For this project I wanted to explore generalized linear mixed models (GLMMs), which are used frequently in the social sciences. I'm curious about applying data science methodologies in this field and improving results. The goal for this project was to identify a GLMM package for Python and build predictive models with it, logistic regression, and random forest to assess pros and cons of each.
The dataset for my analysis is 10 years (2008-2017) of laboratory-confirmed flu cases from the Australian Department of Health. Columns include: Week, Age, Sex, State, Indigenous, and Flu type.
- Week: Cases from the previous week were recorded every Friday, thus the values are the year and date of the Friday following when the person was tested.
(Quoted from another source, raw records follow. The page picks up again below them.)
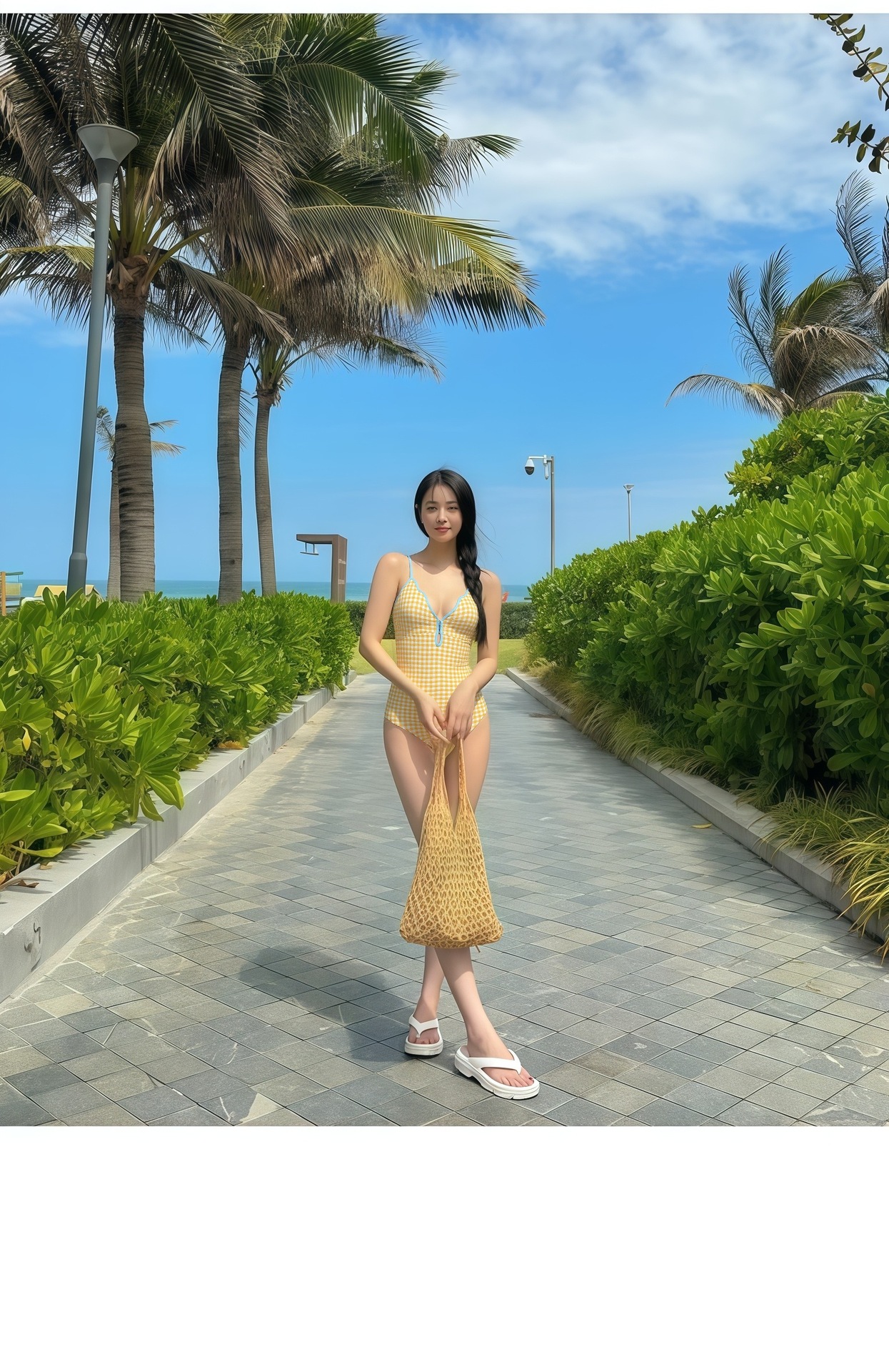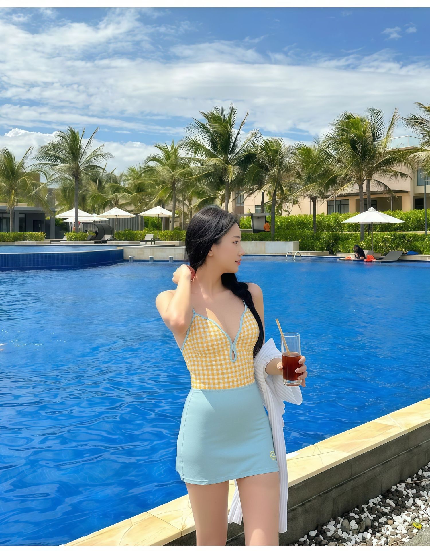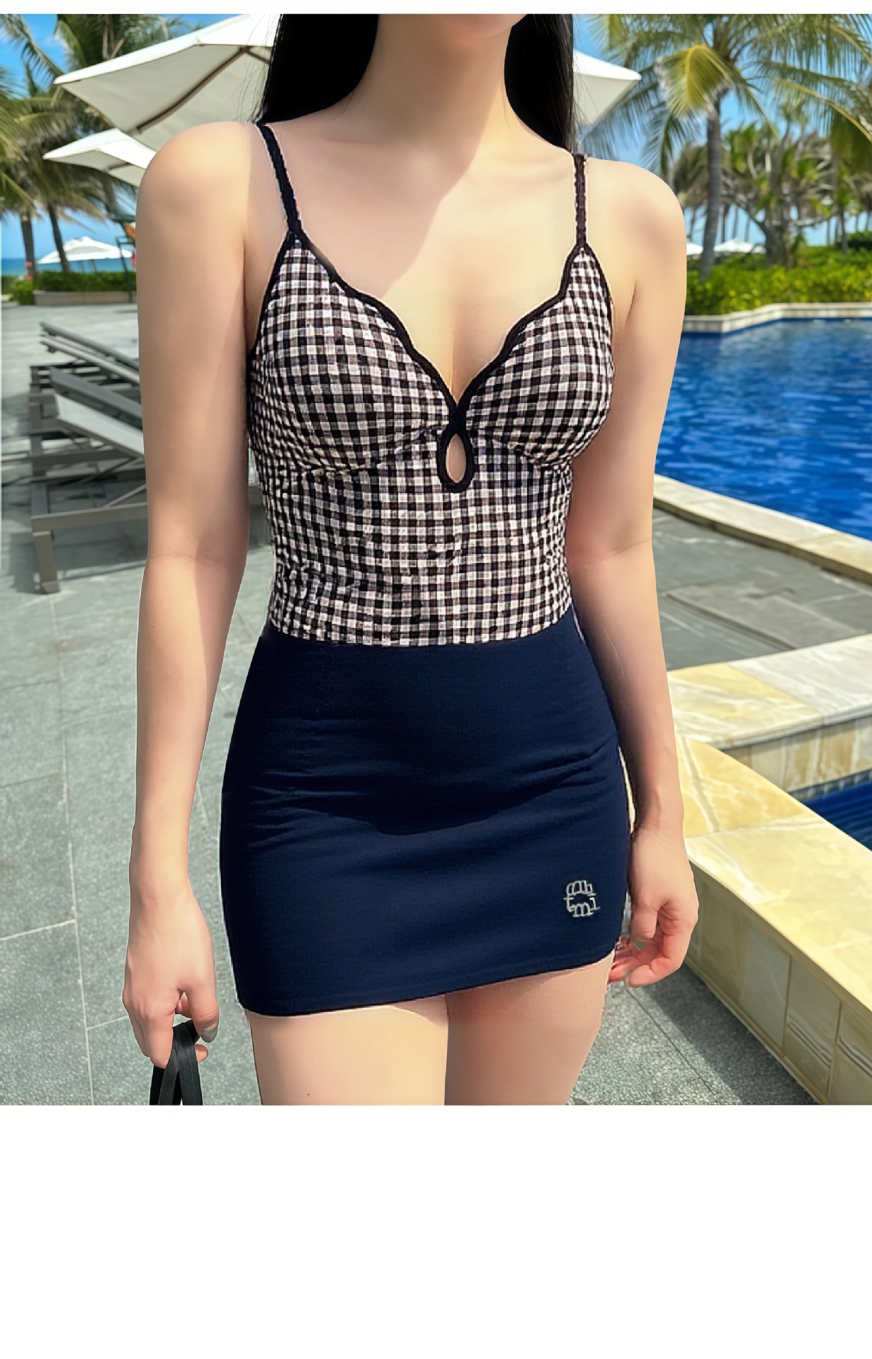 섬 휴가를 위한 새로운 스타일의 여성스러운 도파민 수영복, 고급스럽고 순수한 섹시 스타일의 원피스 스커트 스타일 보수적스토어 가기
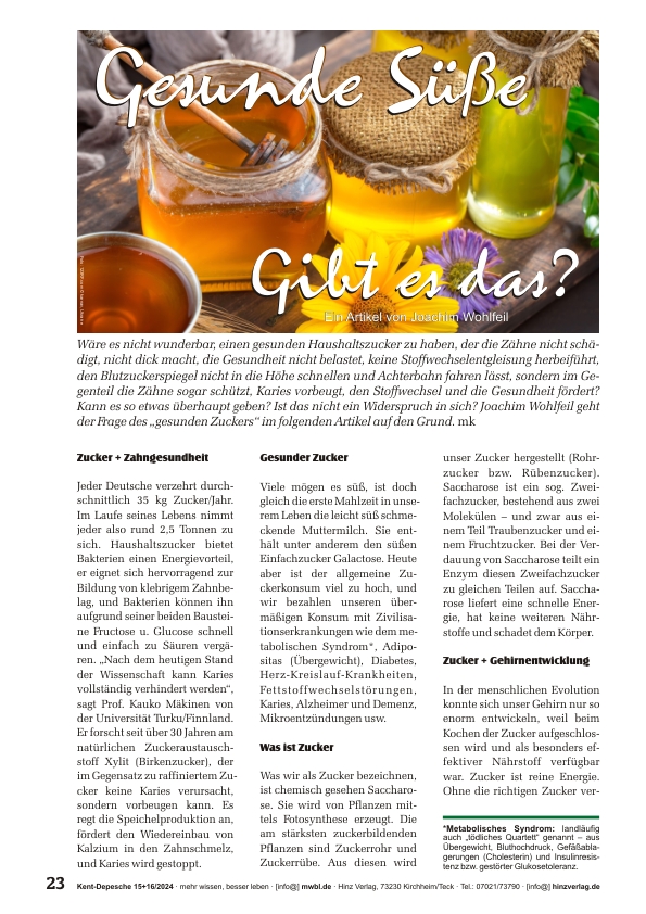 »Wäre es nicht wunderbar, einen gesunden Haushaltszucker zu haben, der die Zähne nicht schädigt, nicht dick macht, die Gesundheit nicht belastet, keine Stoffwechselentgleisung herbeiführt, den Blutzuckerspiegel nicht in die Höhe schnellen und Achterbahn fahren lässt, sondern im Gegenteil die Zähne sogar schützt, Karies vorbeugt, den Stoffwechsel und die Gesundheit fördert? Kann es so etwas überhaupt geben? Ist das nicht ein Widerspruch in sich? Joachim Wohlfeil geht der Frage des gesunden Zuckers auf den Grund.«
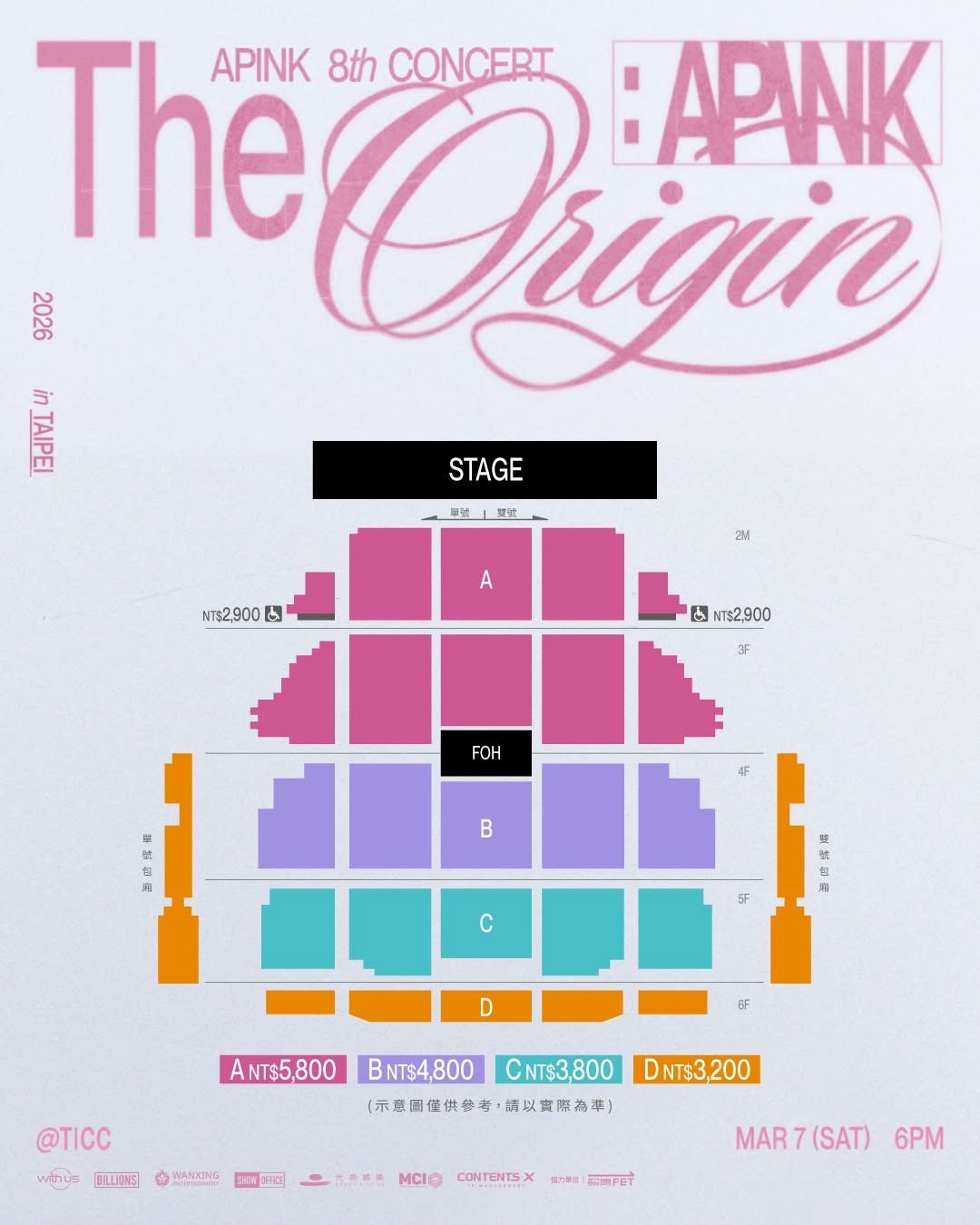 | 門票價錢: | NT 5800 / 4800 / 3800 / 3200 / 2900 |
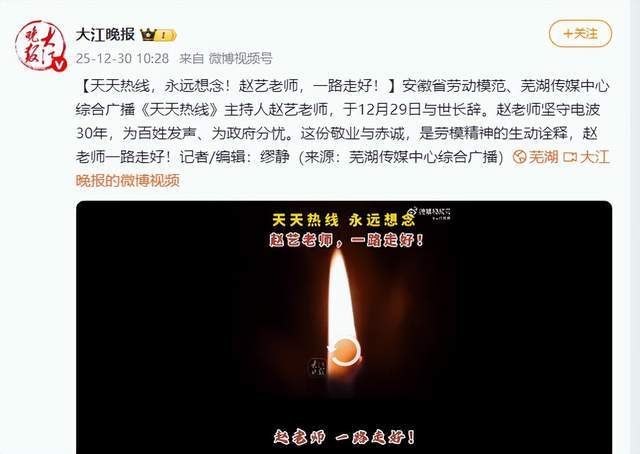 12月30号,多位来自安徽芜湖的网友突发透露悲痛消息,另外当地的媒体也有报道此事,曾给诸多网友带来电台记忆的《天天热线》主持人赵艺不幸因病去世,年仅60岁。
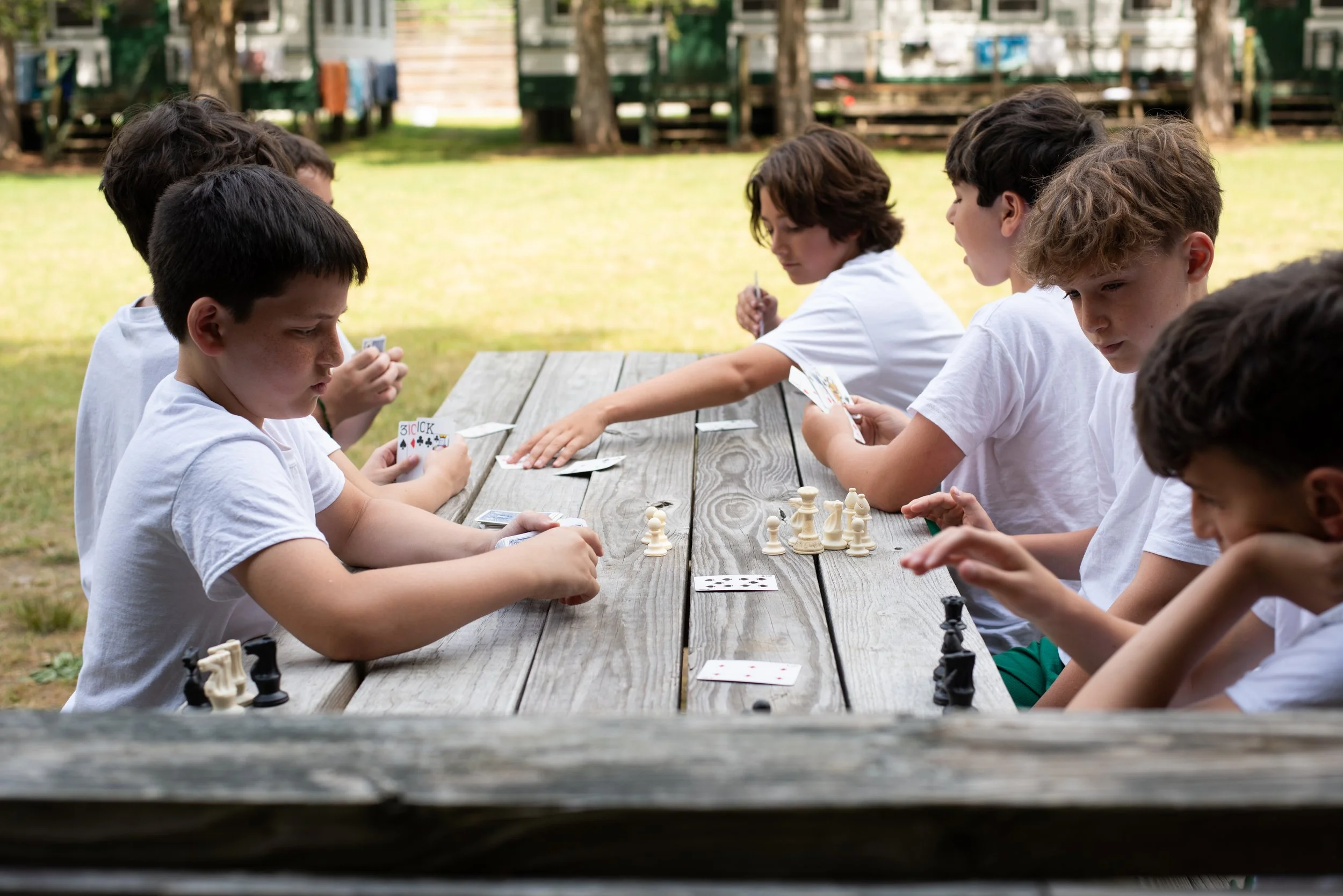 It feels liberating to say that faster and newer isn’t always better, and we’re lucky to operate a space and second home where kids and adults can escape AI’s relenting pull. Ken Vallario (back this year for a full summer!), once told me that he loves camp’s “inefficiency.” He was talking about all the ways you don’t take the shortest route from A to B at camp: whether it’s walking from the HC to the office, but getting derailed over the rave launch competition at the lake; or campers huddling around a radio at bedtime, catching the end of a baseball game when they don’t know what “FM” is; or heads bowing in concentration (and laughter) over Color War emblems carefully glued and sparkled by hand, when there’s probably a Cricut setting for that.
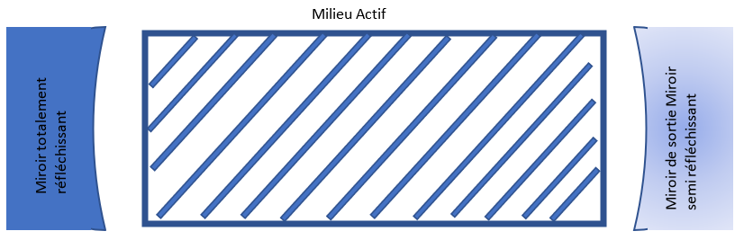 La cavidad LÁSER es la parte que contiene el medio activo y permite dirigir el flujo. En una extremidad de la cavidad hay un espejo, frente a éste, al otro lado de la cavidad, hay un espejo semireflectante (el espejo de salida). Durante la fase de bombeo, los fotones emitidos por los diferentes electrones van a « rebotar » en la cavidad contra los espejos. Si un fotón impacta uno de los dos espejos, ésta es enviado al otro lado de la cavidad, y debe entonces atravesar un nuevo medio activo. Lo que tiene como consecuencia que aun puede participar en la emisión estimulada. Es de esta manera como se crea el efecto bola de nieve, y así, la amplificación de la luz.
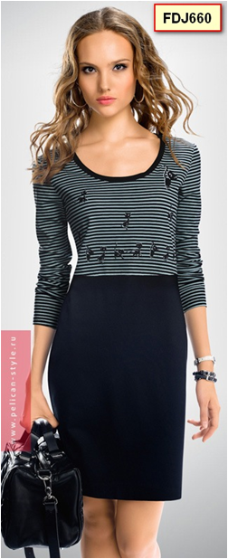 Платье для смелых натур, которые не боятся смешивать стили и быть не такими как все: жесткая контрастная полоска комбинирована с силуэтами милых котиков и романтичной имитацией застежки на спине.
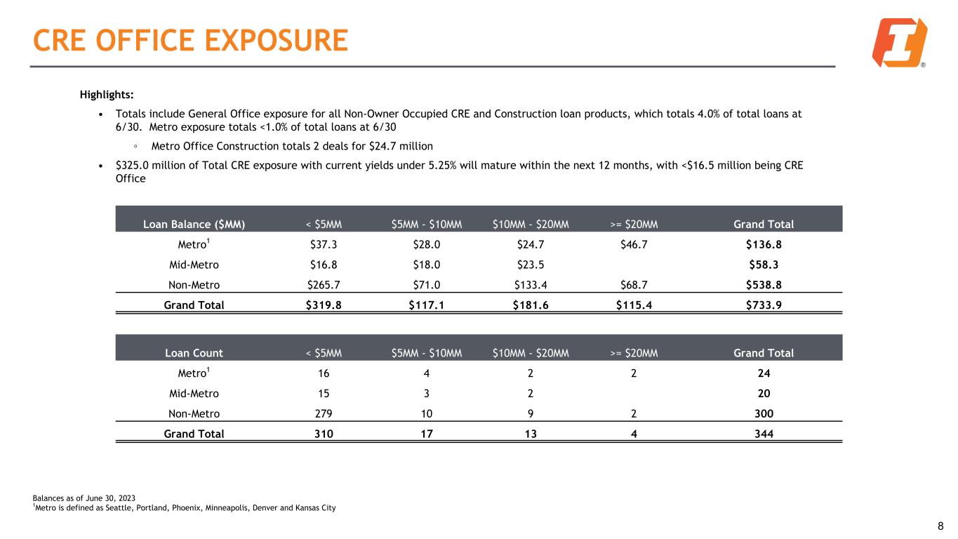 DIVERSIFIED LOAN PORTFOLIO Loans Held for Investment Commercial RE, 48% Construction RE, 10% Residential RE, 12% Agriculture RE, 4% Consumer, 5%Commercial, 17% Agriculture, 4% Loans by Geography MT, 15% WY, 5% ID, 5% WA, 8% OR, 9% SD, 10%ND, 2% NE, 6% IA, 10% KS, 2% AZ, 6% CO, 7% Other, 15% Revolving Commitments ($MM) $3.1 $3.2 $3.2 $3.2 $3.1 37.9% 37.1% 36.8% 37.1% 37.1% Unfunded Funded 2Q22 3Q22 4Q22 1Q23 2Q23 7 Loan Highlights: • Loan growth of $17.7 million in Q2, or 0.4% annualized • Non-revolving unfunded commitments of $1.6 billion at 6/30 • Commercial real estate (RE) commitments are 34.0% owner- occupied $18.3B Balances as of June 30, 2023

Ex: 2018-01-05
- Age: Grouped in 5-year increments, i.e. 0-4, 5-9
- Sex: Male, Female, X, and Unknown, where X represents people who are neither male nor female, and Unknown represents people who didn't want to provide their sex or didn't write/enter anything for that field.
- State: Which Australian state the patient lives in. If not Australian, it's the state in which they were tested.
- Indigenous: The indigenous status of the patient, Indigenous, Nonindigenous, Unknown, or Not Available.
- Flu type: Which strain of flu was found: multiple subtypes of type A, type B, type C, and types A & B.
- General & EDA: NumPy, Pandas, Matplotlib, Seaborn.
- Preprocessing: Scikit-Learn KMeans to create cluster feature, StratifiedShuffleSplit to create train and test datasets, and SMOTE for balancing data.
- Models: Pymer4 (Python wrapper package for R Lmer & Lme4), statsmodels discrete_model.Logit for statistical summary of logistic regression, Scikit-Learn LogisticRegression and RandomForestClassifier for prediction, GridSearchCV to find ideal parameters for random forest.
My target variable was flu type, which I narrowed down to types A and B. The goal was to see if mixed modeling could produce a more accurate prediction on unseen test data than either of the other models. Unfortunately, I was not able to predict with Pymer4 due to an unknown error that caused the predict() method to return an array of the same length as the train data set. So, this project ended up being a lesson in some of the realities of data science: so many areas of the field are being explore and developed as I write this, and results are not guaranteed. Before finding Pymer4 I searched through statsmodels for an appropriate package. What I found, Binomial Bayes Mixed GLM, was promising, but ultimately beyond my current level of statistical understanding and had little in the way of articles and tutorials.
Thus, I kept searching and found Pymer4, which looked good on the surface. After reading the documentation and learning a bit about R data types, I was able to fit a model with it! But, there ended up being an issue somewhere and, due to time constraints on my project, I was unable to look into other options. Had I more time, I would have just learned how to use the R packages, themselves, within my notebook.
The best performing model ended up being the RandomForestClassifier, which scored 75.6% accuracy on unseen test data. Due to model speed and interpretability, however, I prefer the Logistic Regression model on unbalanced data, which scored a 74.2. Depending on what kind of error is more detrimental for the use case, the data could be balanced to produce higher Type I errors, or left unbalanced to produce higher Type II errors. The most significant features ended up being State, Month, and Year. Least significant features were Sex and Cluster.